Static memory leak in ICudaEngine::createExecutionContext

**Describe the bug**
Creating an **IExecutionContext** with **ICudaEngine::createExecutionContext** will induce a GPU memory leak from **0x400000** (4 MBytes for small NV example on the page "Using the TensorRT-RTX Runtime API") up to **0xE00000** (14 MBytes for a big Yolo11-X/ONNX model), function of network complexity (but independent from network precision float/half). Destroying the newly creating **IExecutionContext** will not free this block of GPU memory, and any other new creation of an **IExecutionContext** will not increase the memory leak.
This memory block can be release only by NV driver when calling **cudaDeviceReset**.

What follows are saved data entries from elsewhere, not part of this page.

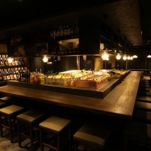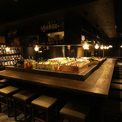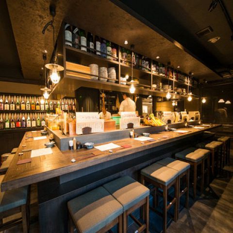 黒を基調としたインテリアが醸し出すシックな雰囲気の空間は、様々なシーンで活躍。日常デートや気の置けない友人との飲み会など、ゆっくり語り合いたい夜のディナーにぜひ。目の前で調理を見られるので、ふたりの会話もさらに弾みます。おひとり様でもしっぽり飲むことが出来ます♪
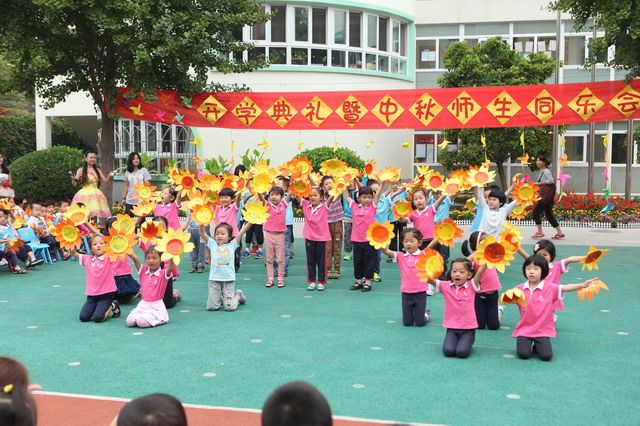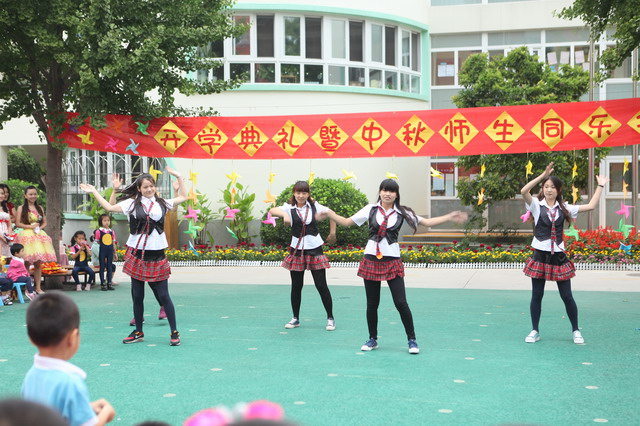 在庆祝活动中,老师们演出了传统节目《嫦娥奔月》,为孩子们形象地讲述了中秋节的来历……孩子们生动表演了合唱《种太阳》、《笑一个吧》、《幸福的花朵》、《哇哈哈》、《月亮姑娘做衣裳》等精彩节目。青年老师们还特别奉献了舞蹈《花球舞》、独唱《日不落》和《卓玛》、长笛《梁祝》、爵士舞、现代舞等,赢得了小朋友的热烈掌声。
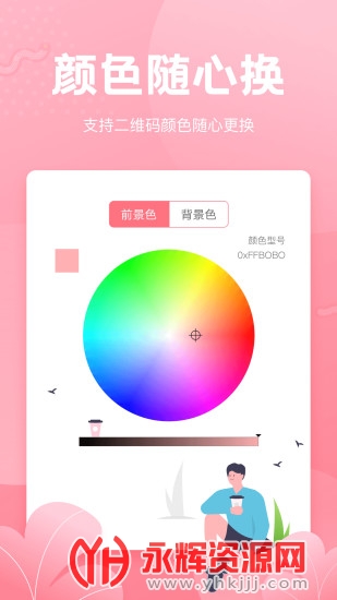 1.支持美化二维码。支持设置二维码的背景色和前景色,还支持在二维码中间添加Logo,支持修改二维码背景为一张图片。
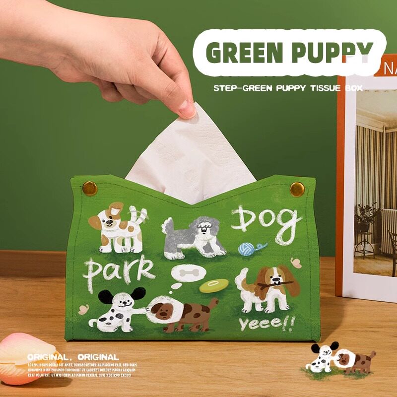 金金兔可爱踏青小狗家用客厅创意抽纸盒轻奢皮质高级感餐桌纸抽盒
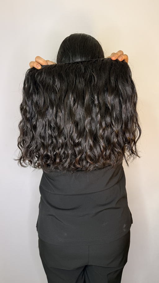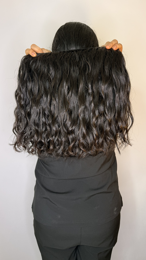 Extensión de cabello humano ondulado en un tono negro profundo, con una textura suave que aporta movimiento natural y brillo saludable. Con 16 pulgadas de largo, ofrece un volumen abundante y un ancho de 5.2 metros que permite una peinada completa, ideal para quienes buscan realzar su cabello natural con un acabado elegante y lleno de vida.
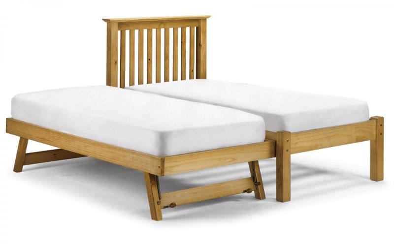 - An imposing bed frame made from solid pine in a timeless shaker style that sits equally well alongside contemporary and traditional interiors. Substantial posts and capping combine with a solid pine slatted base to ensure an incredibly robust and durable bed frame. The pull out guest bed can be raised up to the same level as the main bed frame to offer fantastic functionality.
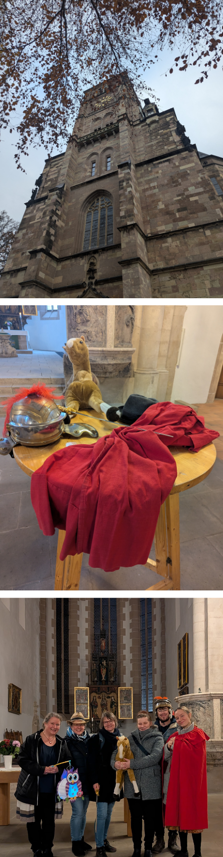 Am 8. November 2025 fand in der Schlosskirche das traditionelle Martinsfest statt, das auch in diesem Jahr viele Familien, Kinder und Gemeindemitglieder zusammenführte. Zu Gast waren die besonderen „Hauptakteure“ der Martinsgeschichte – Pferd, Hut, Helm, Mantel und Schwert. Jede dieser Figuren erzählte aus ihrer eigenen Perspektive, wie sie den berühmten Moment am Stadttor von Amiens erlebt hatte.
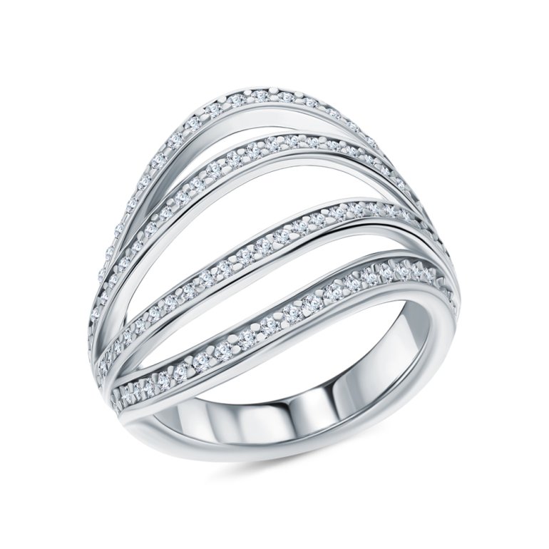 Серебряное кольцо с фианитами S56114-K9W-01 Кольца SUNLIGHT | V4.Ru: Маркетплейс

It looks like a "static" GPU memory allocation (pointer kept in a static variable or static attribute) in **ICudaEngine::createExecutionContext** when creating an **IExecutionContext** object in the depths of "tensorrt_rtx_1_1.dll" (not "tensorrt_onnxparser_rtx_1_1.dll", nor "cudart.dll") and non-released by **IExecutionContext::~IExecutionContext** destructor nor by **ICudaEngine::~ICudaEngine** destructor.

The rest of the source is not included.